Les déçus de la politique, doivent-ils se réveiller ?

Les crises qui émergent dans tous les sens sont évidement pour la plupart le résultat des politiques économiques, écologiques, d’éducation, de santé menées depuis des décennies. Il est vrai que depuis lors, beaucoup s’étaient désintéressés de la politique, se concentrant sur leurs réussites personnelles.

Laissant à un nombre d’individus limités (en nombre) le soin d’administrer notre pays. Nous prenons en pleine face aujourd’hui le fait qu’ils l’ont administré de façon désastreuse… nous obligeant à nous intéresser à nouveau à la politique.

Frappé de toute part par les crises « du chômage record, de la pollution ou des attentats sanglants », chacun a désormais conscience qu’il est concerné et donc impliqué dans la gestion du monde dans lequel il vit et qu’il est devenu vital de s’y engager.

Le problème est que le cancer a pris le dessus !

Ceux qui ont administré le système et l’ont conduit à son état actuel souhaitent rester en place et continuer à pratiquer la même politique. Dirigés par l’égo et la volonté de garder leurs avantages et non de viser au bon fonctionnement de la société et au bonheur des gens, il semblerait que, au lieu de s’enrichir du retour des gens de terrains reportant des solutions pratiques, ces individus, piqués en flagrant délits d’incompétence, mettent un point d’orgueil dictatorial à passer en force, dans la panique, des lois inquiétantes par le sens intéressé qu’elles prennent !

Des lois en force au lieu de Lois Fortes

Voilà que tentent de sortir des lois telles que la « non responsabilité des éventuels pollueurs nucléaires et autres pétroliers », « privatisation des contrôles radars », « taxation des propriétaires qui on fini de payer leurs crédits ». On voit en quoi chacune de ces lois peut servir l’intérêt de certains amis ou de banques  (où chacun serait obligé par la Loi, de soit : payer un crédit perso soit payer un crédit publique (les intérêts de la dette de l’Etat).Une république banana-banquière ? Et même si Bruce Toussaint nous fait sourire heureusement avec son « peut-on avoir le nom et savoir où habite celui qui a pondu la loi sur la taxation des abris de jardin ? », on se demande qui ordonne ces lois ?

Sachant que les gens ne voteraient jamais de telles lois… sommes nous en démocratie ?

A quoi ressemblerait une démocratie, avec des lois venant des gens ?

Quitte à privatiser, le peuple préfèrerait peut être une privatisation de contrôles fiscaux surveillant la gestion des deniers publics ? Ou bien l’interdiction de passage à la télé et de réelection des conseillers et autres ministres responsables de notre situation ?

On ne condamne pas la mauvaise gestion mais ceux qui ne payent pas assez !

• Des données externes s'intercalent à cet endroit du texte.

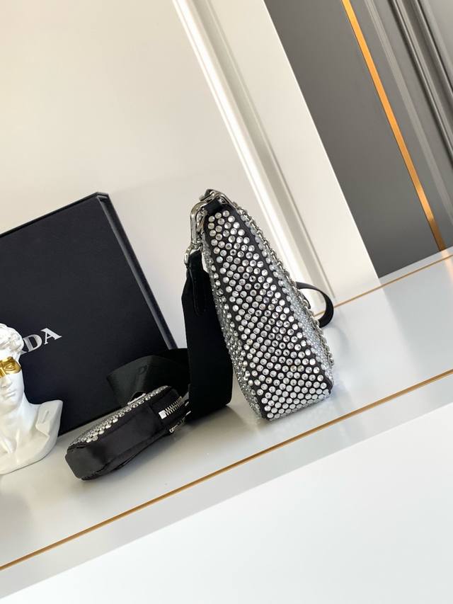Rhinestone 3-in-1 Bag DDD The most beautiful and sparkly rhinestone imported rhinestone mesh. The bright and sparkly appearance is very eye-catching under the night light, with a high rate of turning heads. This bag is three-in-one. What I love most is that the shoulder strap also has a small charm. Wherever I take it, I will get compliments. This rhinestone bag is also very easy to match with clothes. It can be elegant or cool , and it is suitable for any occasion. The three-in-one element has always been recognized by internet celebrities and stars. It is another permanently popular three-in-one bag that is worth buying. Ladies DDD Model: 1Bh204 DDD Size: 22X16X6Cm DDD

Du contrôleur fiscal à la contractuelle, du salarié au libéral, nous participons tous à faire payer ou à payer ces dettes, ces incompétences. Comme la politique ne change pas, les dettes se creusent, la saignée des gens augmente et le ton à employer pour faire payer doit se durcir ! On en arrive à l’encouragement à la dénonciation comme en 1940 et dans l’ex URSS. On comprend pourquoi certains, notamment les jeunes qui vont hériter de ces dettes et de ces incompétences, descendent dans la rue ! Mais qu’obtiendront-ils ? De nouvelles aides-dettes, qui favorisent la dépendance à l’Etat administratif providentiel ?

Décréter l’état d’urgence à la compétence et aux performances ?

L’administration est le système qui a peut être la prolifération la plus rapide en nombre d’individus, et en consommation d’énergie. Certes aujourd’hui la seule voie pour ne pas être au chômage, ou soumis à la concurrence, une voie royale… pour la sécurité. Si il y a assez de gens qui entreprennent et produisent… pour lever des impôts.